Matheson generated a significant body of work in his six decades as a screenwriter, though many of his original short stories remain frustratingly difficult to find in print. But in the past five years, Matheson's greatest exposure by far has come has come with a trio of big-budget films: I Am Legend, The Box, and now Real Steel. These films, based on Matheson's original writing, were often adapted by screenwriters who weren't even born when their source material was first published.

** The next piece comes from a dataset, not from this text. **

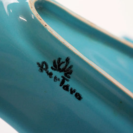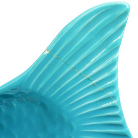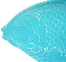 Vassoio pescera in ceramica smaltata celeste, XX secolo, cm 68x32, (difetti)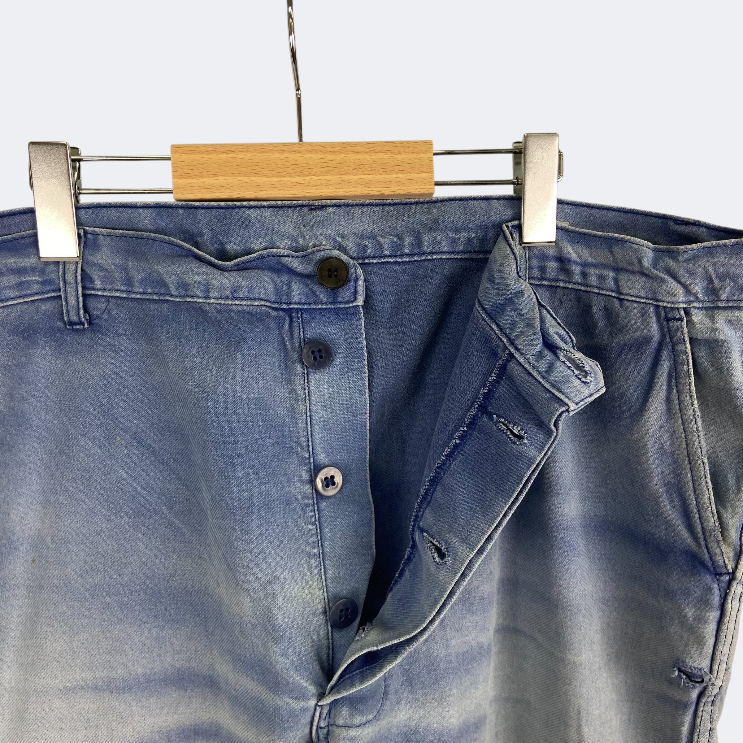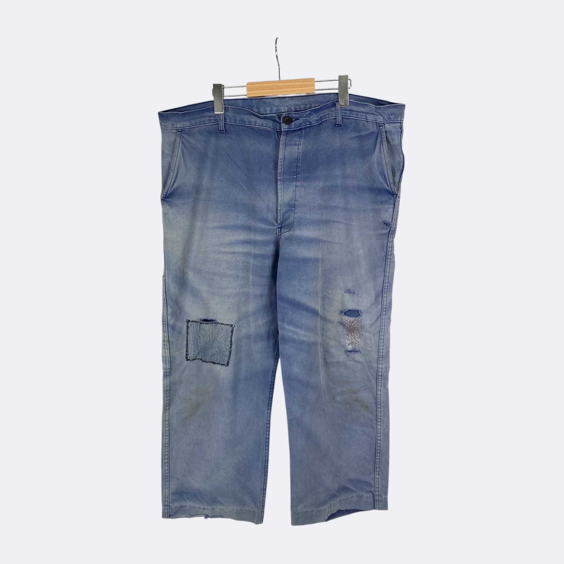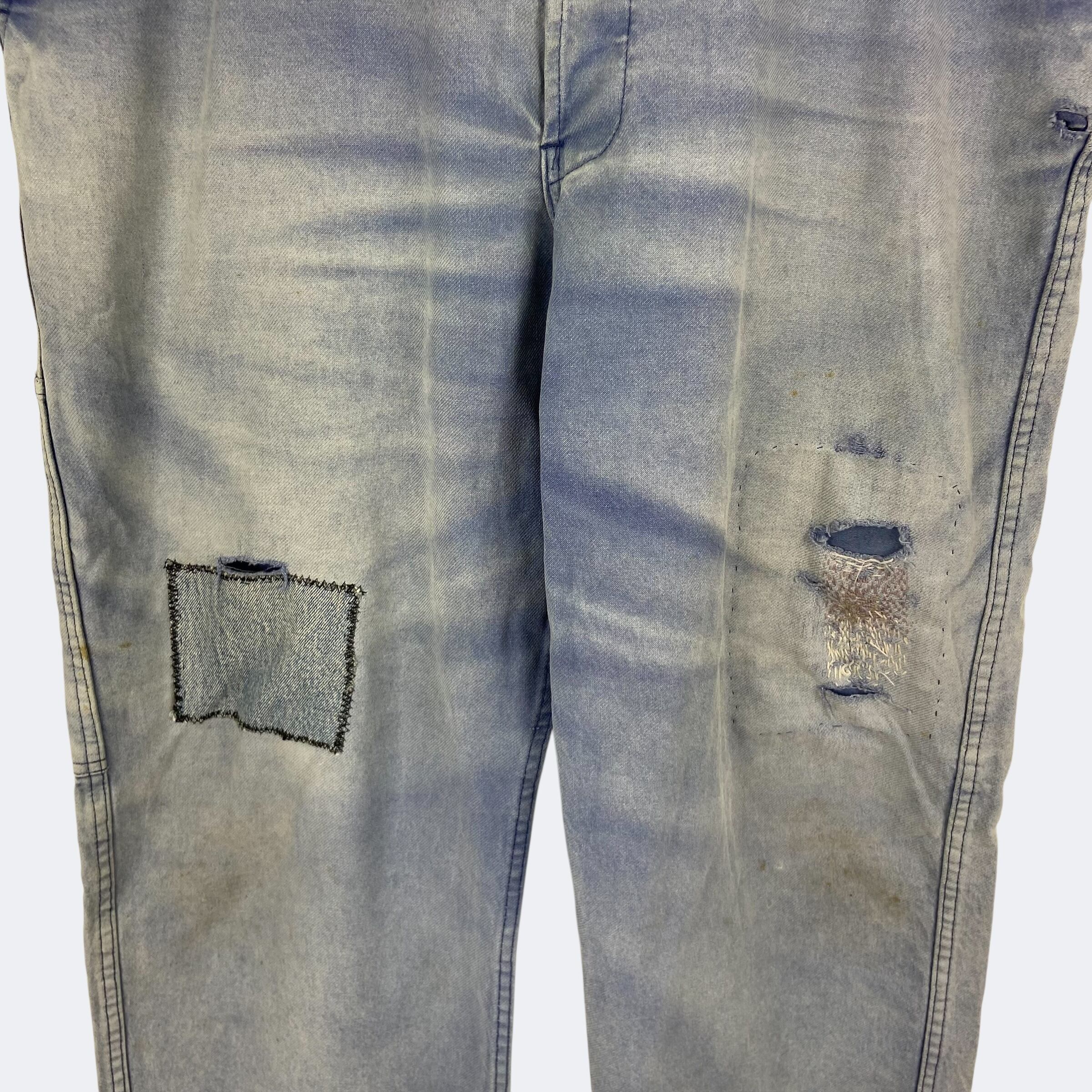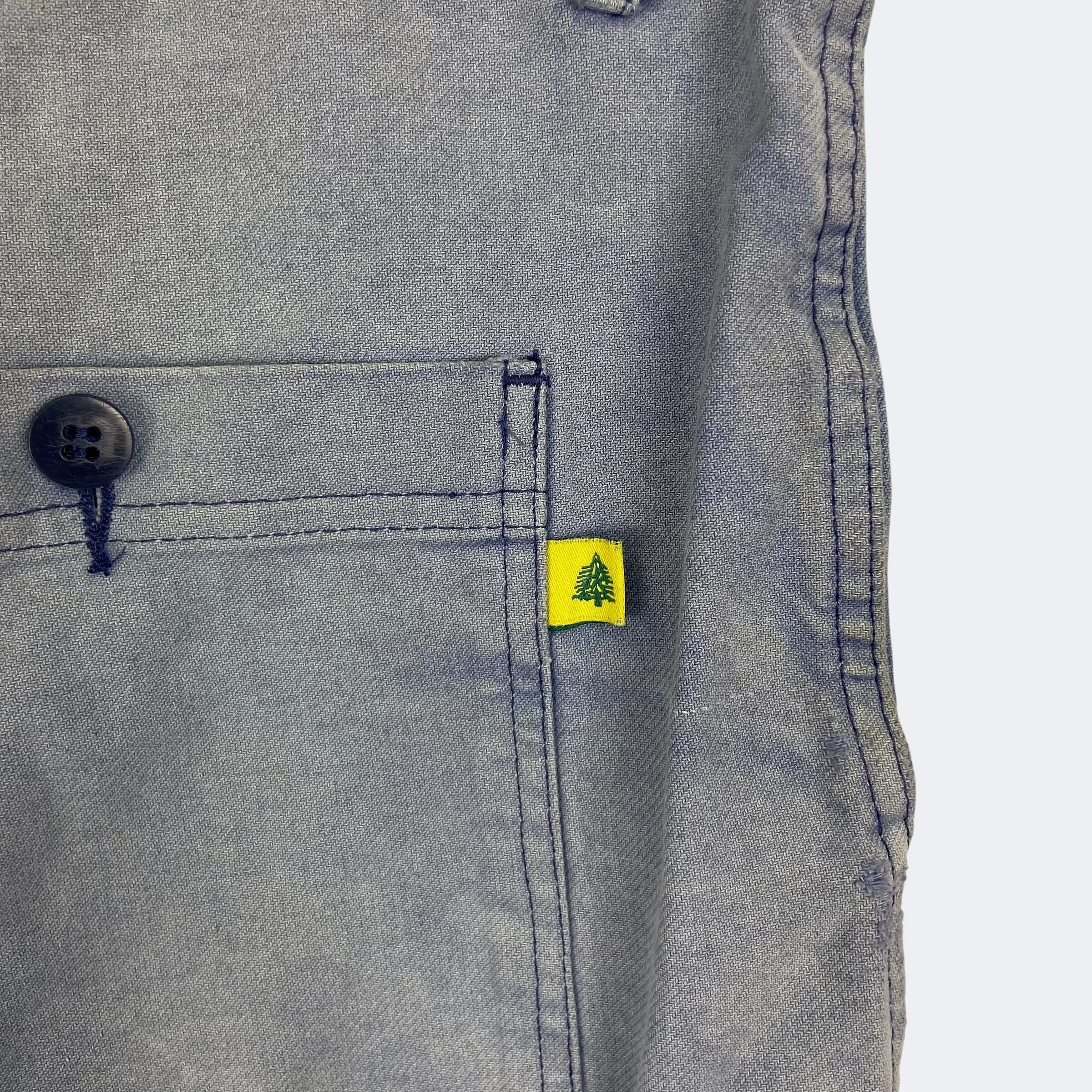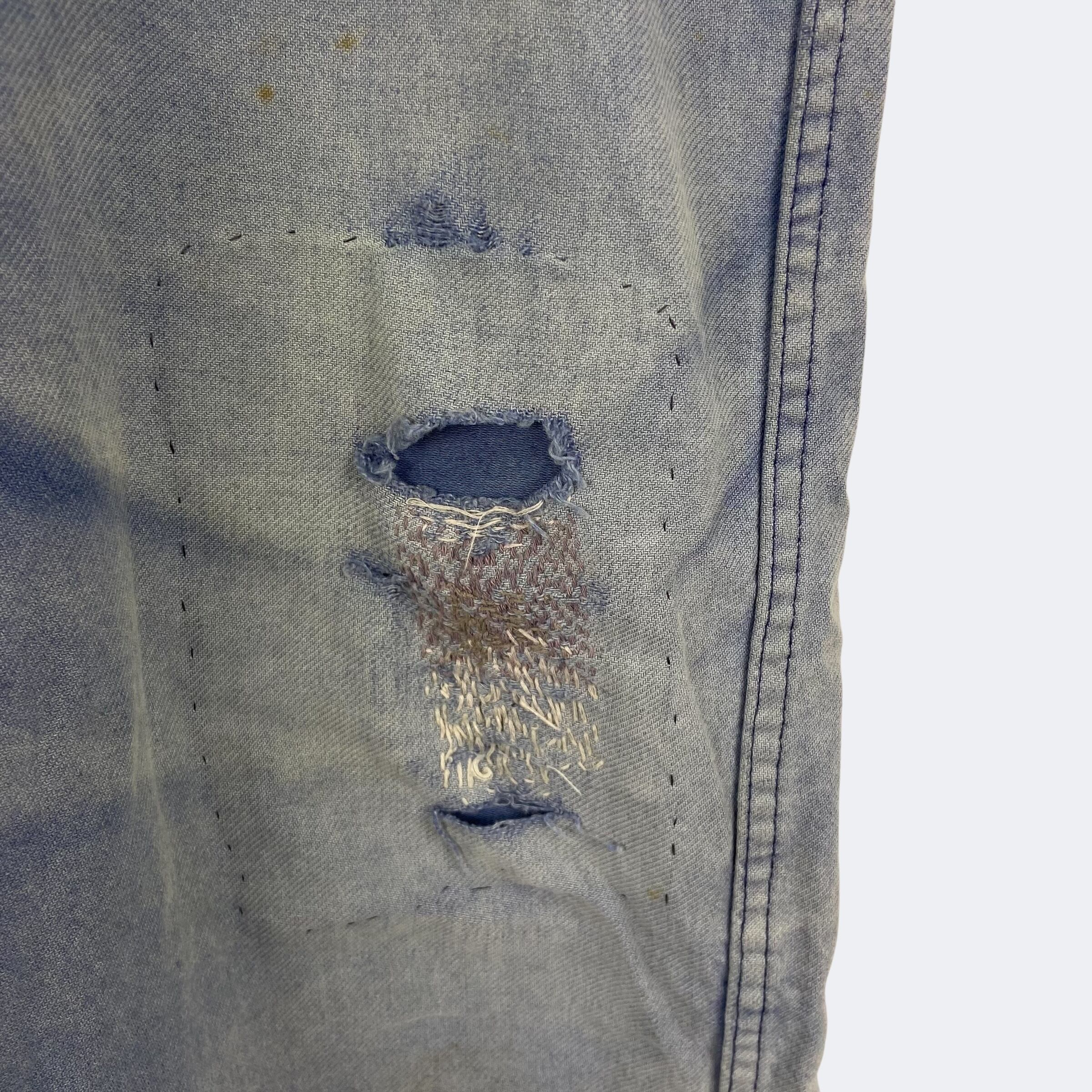 80年代ユーロ古着のワークパンツになります。オンス数が低い薄手のデニム生地を使用しており、右サイドにはパッチポケットが付きます。両膝部分にはリペアが施されており、右ヒップ部分にのみバックポケットが付きます。ブランド名などの詳細はタグのプリントが消えてしまっているので不明ですが、バックポケット脇にはツリーのイラストが刺繍されたイエロータグが付きます。

Matheson's writing lends itself particularly well to contemporary Hollywood because it's "high concept"--which translates, in screenwriting parlance, to "easy to pitch." At the heart of Matheson's best tales you'll find a simple, compelling question, from I Am Legend ("what if a mass epidemic left a single man alive?") to "Button, Button," the short story that became The Box ("would a needy family sacrifice the life of a complete stranger for a massive financial windfall?"). Hollywood loves these kinds of stories because they're easy to understand and therefore easy to mass-market. At least, that's the idea, though it doesn't always work in practice: Where I Am Legend succeeded (at least financially) in drawing an audience to Matheson's brainchild, The Box was a bizarre, messy, box-office bomb.
So far, Real Steel looks to be taking the I Am Legend road to box office victory. Early buzz and test audience reactions for the film have been so positive that DreamWorks greenlit production on a sequel as early as last April. If audiences turn out for robot boxing this weekend, we'll have plenty more robot boxing to look forward to. And we'll have Richard Matheson to thank.